REQUIRED ACTION →
Give back the whole listing exactly as written, pictures excluded.

DATA EXTRACTS →

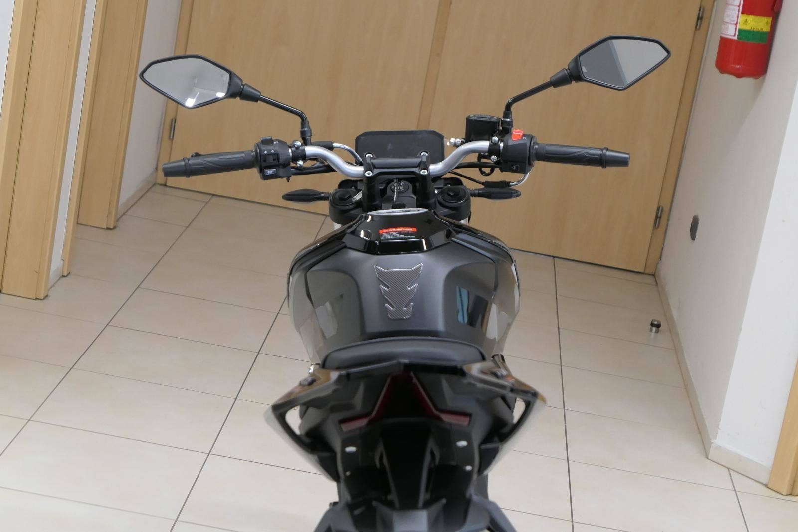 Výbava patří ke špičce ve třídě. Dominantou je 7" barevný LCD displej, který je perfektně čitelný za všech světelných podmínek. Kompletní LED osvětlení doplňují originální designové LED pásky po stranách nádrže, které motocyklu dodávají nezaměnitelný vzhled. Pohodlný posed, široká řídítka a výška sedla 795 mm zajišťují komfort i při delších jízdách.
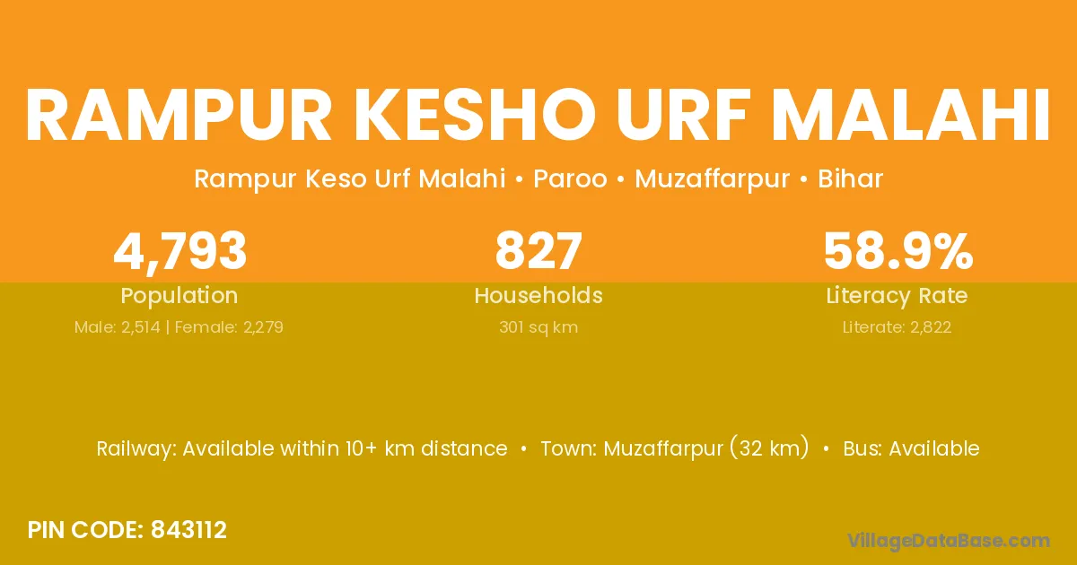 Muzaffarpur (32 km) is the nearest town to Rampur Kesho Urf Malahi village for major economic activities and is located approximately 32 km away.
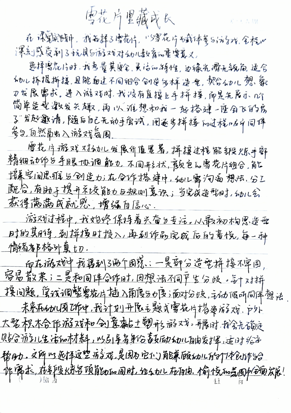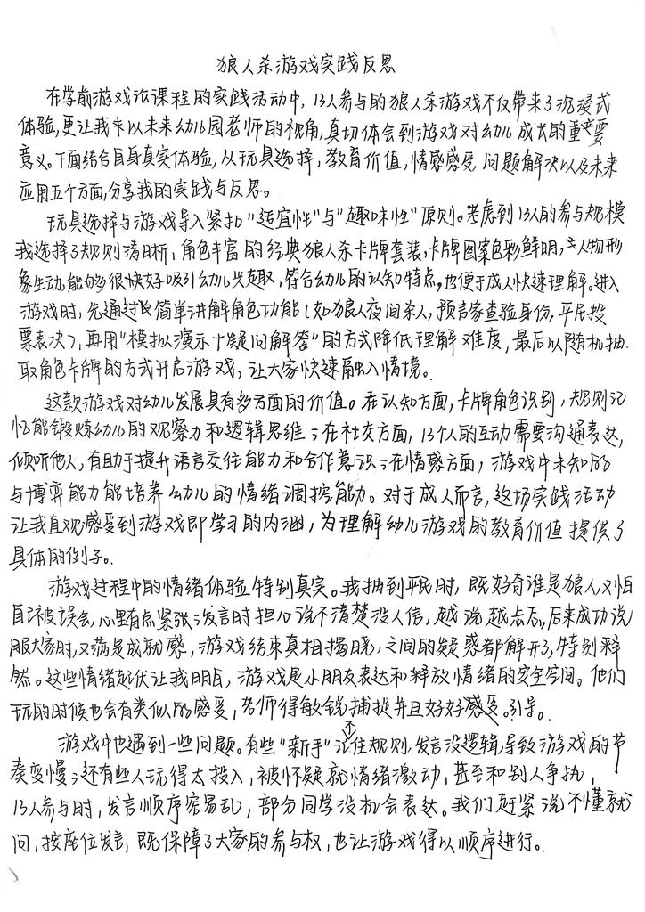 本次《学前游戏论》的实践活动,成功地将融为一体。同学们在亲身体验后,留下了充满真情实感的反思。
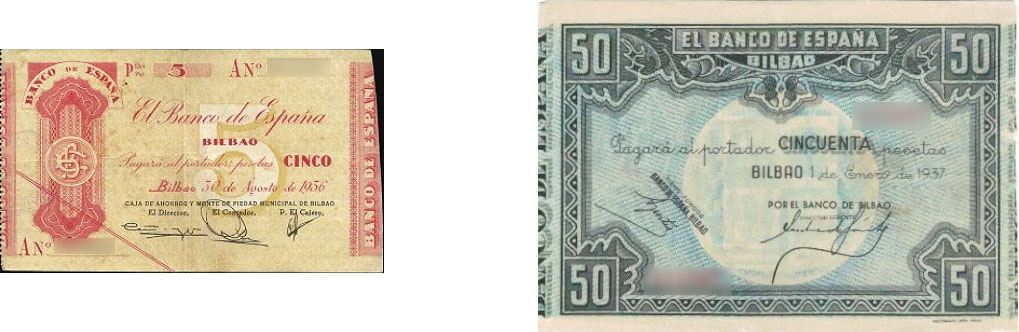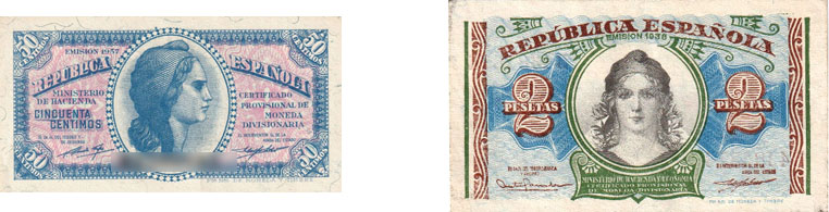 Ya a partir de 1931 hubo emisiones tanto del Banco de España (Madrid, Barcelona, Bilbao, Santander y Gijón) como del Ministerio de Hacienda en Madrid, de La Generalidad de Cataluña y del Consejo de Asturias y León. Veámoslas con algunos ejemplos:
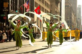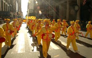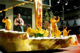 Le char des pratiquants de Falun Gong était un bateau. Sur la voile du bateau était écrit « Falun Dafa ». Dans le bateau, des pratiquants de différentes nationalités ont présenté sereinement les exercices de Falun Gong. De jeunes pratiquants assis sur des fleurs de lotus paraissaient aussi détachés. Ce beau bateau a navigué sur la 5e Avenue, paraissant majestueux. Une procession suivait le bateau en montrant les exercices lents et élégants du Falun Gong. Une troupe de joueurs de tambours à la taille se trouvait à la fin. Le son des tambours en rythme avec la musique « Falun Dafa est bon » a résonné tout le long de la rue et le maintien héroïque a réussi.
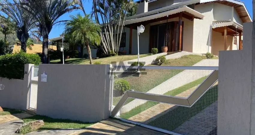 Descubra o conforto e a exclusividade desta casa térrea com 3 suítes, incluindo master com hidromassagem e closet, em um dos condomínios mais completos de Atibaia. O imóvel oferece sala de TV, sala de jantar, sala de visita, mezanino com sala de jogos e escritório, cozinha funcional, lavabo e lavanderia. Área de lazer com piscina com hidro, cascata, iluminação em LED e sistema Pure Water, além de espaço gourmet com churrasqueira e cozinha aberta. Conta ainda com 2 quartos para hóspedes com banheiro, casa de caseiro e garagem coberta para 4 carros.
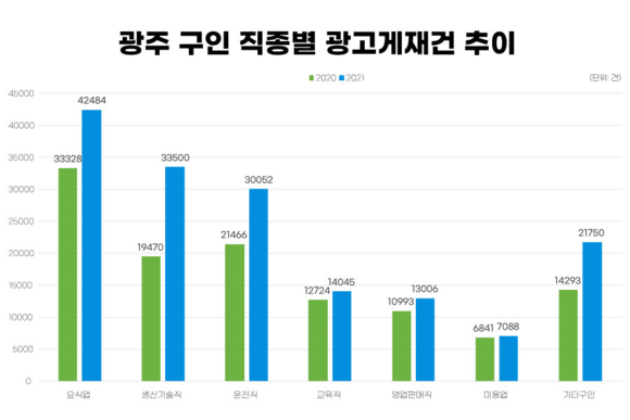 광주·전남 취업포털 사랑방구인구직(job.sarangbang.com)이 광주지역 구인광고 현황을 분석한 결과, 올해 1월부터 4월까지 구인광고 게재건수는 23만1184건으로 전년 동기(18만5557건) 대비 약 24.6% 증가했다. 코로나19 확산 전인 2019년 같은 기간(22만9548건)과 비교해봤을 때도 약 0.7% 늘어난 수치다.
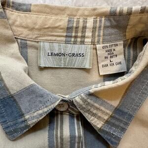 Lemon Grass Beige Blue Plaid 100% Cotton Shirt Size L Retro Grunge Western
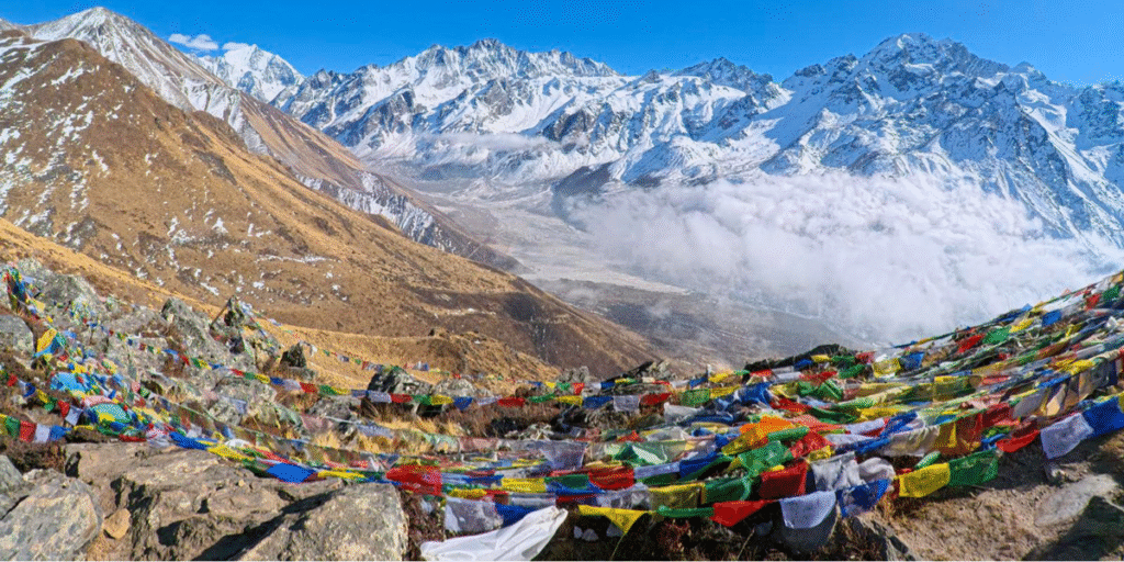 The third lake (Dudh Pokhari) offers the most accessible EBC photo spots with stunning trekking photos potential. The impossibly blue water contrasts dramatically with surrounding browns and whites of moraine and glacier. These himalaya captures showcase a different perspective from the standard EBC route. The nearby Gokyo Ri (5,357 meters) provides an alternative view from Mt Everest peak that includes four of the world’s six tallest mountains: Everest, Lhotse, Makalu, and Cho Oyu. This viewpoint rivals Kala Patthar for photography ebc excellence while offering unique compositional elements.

RESULT OF THIS EXERCISE →
 Výbava patří ke špičce ve třídě. Dominantou je 7" barevný LCD displej, který je perfektně čitelný za všech světelných podmínek. Kompletní LED osvětlení doplňují originální designové LED pásky po stranách nádrže, které motocyklu dodávají nezaměnitelný vzhled. Pohodlný posed, široká řídítka a výška sedla 795 mm zajišťují komfort i při delších jízdách.
 Muzaffarpur (32 km) is the nearest town to Rampur Kesho Urf Malahi village for major economic activities and is located approximately 32 km away.
 本次《学前游戏论》的实践活动,成功地将融为一体。同学们在亲身体验后,留下了充满真情实感的反思。
 Ya a partir de 1931 hubo emisiones tanto del Banco de España (Madrid, Barcelona, Bilbao, Santander y Gijón) como del Ministerio de Hacienda en Madrid, de La Generalidad de Cataluña y del Consejo de Asturias y León. Veámoslas con algunos ejemplos:
 Le char des pratiquants de Falun Gong était un bateau. Sur la voile du bateau était écrit « Falun Dafa ». Dans le bateau, des pratiquants de différentes nationalités ont présenté sereinement les exercices de Falun Gong. De jeunes pratiquants assis sur des fleurs de lotus paraissaient aussi détachés. Ce beau bateau a navigué sur la 5e Avenue, paraissant majestueux. Une procession suivait le bateau en montrant les exercices lents et élégants du Falun Gong. Une troupe de joueurs de tambours à la taille se trouvait à la fin. Le son des tambours en rythme avec la musique « Falun Dafa est bon » a résonné tout le long de la rue et le maintien héroïque a réussi.
 Descubra o conforto e a exclusividade desta casa térrea com 3 suítes, incluindo master com hidromassagem e closet, em um dos condomínios mais completos de Atibaia. O imóvel oferece sala de TV, sala de jantar, sala de visita, mezanino com sala de jogos e escritório, cozinha funcional, lavabo e lavanderia. Área de lazer com piscina com hidro, cascata, iluminação em LED e sistema Pure Water, além de espaço gourmet com churrasqueira e cozinha aberta. Conta ainda com 2 quartos para hóspedes com banheiro, casa de caseiro e garagem coberta para 4 carros.
 광주·전남 취업포털 사랑방구인구직(job.sarangbang.com)이 광주지역 구인광고 현황을 분석한 결과, 올해 1월부터 4월까지 구인광고 게재건수는 23만1184건으로 전년 동기(18만5557건) 대비 약 24.6% 증가했다. 코로나19 확산 전인 2019년 같은 기간(22만9548건)과 비교해봤을 때도 약 0.7% 늘어난 수치다.
 Lemon Grass Beige Blue Plaid 100% Cotton Shirt Size L Retro Grunge Western
 The third lake (Dudh Pokhari) offers the most accessible EBC photo spots with stunning trekking photos potential. The impossibly blue water contrasts dramatically with surrounding browns and whites of moraine and glacier. These himalaya captures showcase a different perspective from the standard EBC route. The nearby Gokyo Ri (5,357 meters) provides an alternative view from Mt Everest peak that includes four of the world’s six tallest mountains: Everest, Lhotse, Makalu, and Cho Oyu. This viewpoint rivals Kala Patthar for photography ebc excellence while offering unique compositional elements.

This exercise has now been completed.